Saturday, February 19, 2011

The Road

I didnt want to read it.

So dont.

His apostrophe use is both incorrect and inconsistent. He'd. Dont. Um.

Thats bad. Shouldve or maybe should've edited the book. Or written it better.

Where are we going, he said.

I dont know.

This book seems to have no purpose. I'd read it if it had a purpose.



Or, to summarize: Cormac McCarthy's The Road is what I'd describe as a one-cigarette book. My patience for it, in short, lasted just as long as it took me to smoke one American Spirit (and that's a slow-smoking cigarette; I gave it a fair shake). Why the mindset and thinking process of the clearly pre-apocalyptically educated protagonist of the story needs to be represented with sentences that would shame a kindergartner* is beyond me; I can see how the style is supposed to enhance and inform the subject matter, and the brutally sparse landscape, but I can't see that it works. The New York Times describes the book as being "written with stripped-down urgency"; yes. So is a McDonald's menu, but no one ever accused that of being "an exquisitely bleak incantation" - although, come to think of it, that's not too far off the mark.

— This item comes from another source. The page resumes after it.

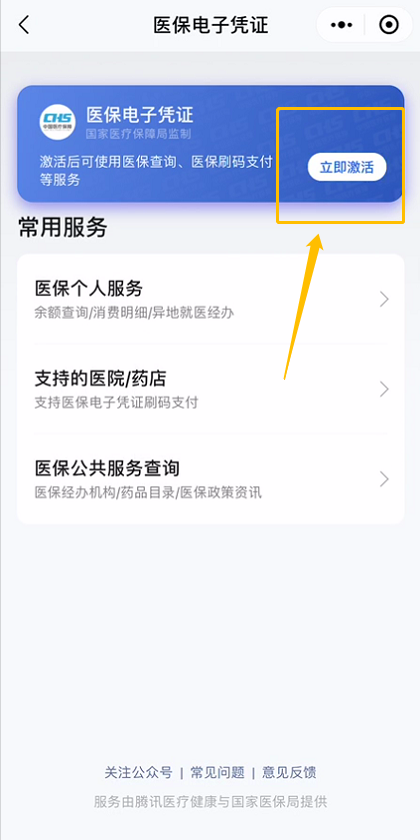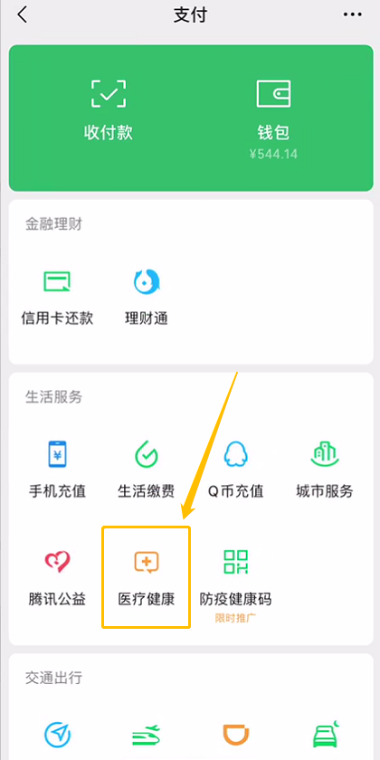 進入微信,點擊“支付”-“醫(yī)療健康”-“醫(yī)保電子憑證”

I agreed with the NYT review on one point and one point alone: that Cormac McCarthy has "high standards for despair." He does indeed set a high standard for despair. I despaired within 15 pages, which is pretty much a record for me.

It's hard to give this book a star rating, since I couldn't make it through the whole thing; the portion I did read, and the flip-book style overview I took of the rest, earn it one. I hear that there are cannibals later on, which immediately elevates it to two stars and yet does not provide sufficient temptation to read further. If the cannibals had appeared earlier in the story, say on page one, and had eaten the main characters and then themselves, leaving no one alive to be written about - well, that would have been one cigarette well spent.

Final verdict: two stars, one for McCarthy's stamina in typing so many apostrophe-less contractions and one for the cannibals.

* Anyone who wants to debate Cormac McCarthy's style with me, and try to convince me that it's just so avant-garde and post-whatever that I don't get it, bring it on. I can strike a facile, post-feminist, post-postmodern post-structuralist intellectual pose with the best of 'em. And yes, I know what that means. Do you? Hah. Loser.

Friday, February 18, 2011

Emily Ever After

Because this book seems overall to be a good-faith (pun intended) effort on the part of its two authors, Anne Dayton and May Vanderbilt, I'm a bit sorry that it left me so utterly indifferent. The story, of Christian Emily's experiences trying to work in publishing in big bad amoral New York, is the sort of thing that might, and clearly did, make some agent and publisher say, "Well, that's kind of fresh, let's go with it." (Of course, since both authors work for a publishing house, it would be disingenuous to suppose that they faced the same type of barriers to their literary ambitions as the average chick lit novelists.)

Unfortunately, that's where the freshness ends. I'd like to go all reviewerly at this point and maunder about the novel's subtext, but there's nothing subtextual, subtle, or otherwise sub- about this book. Practicing Christians have a stronger attachment to traditional moral values than the average hard-drinking gold-digging New York socialite, according to Dayton and Vanderbilt. Okay. The rest of the book's messages are on about the same level of groundbreaking novelty.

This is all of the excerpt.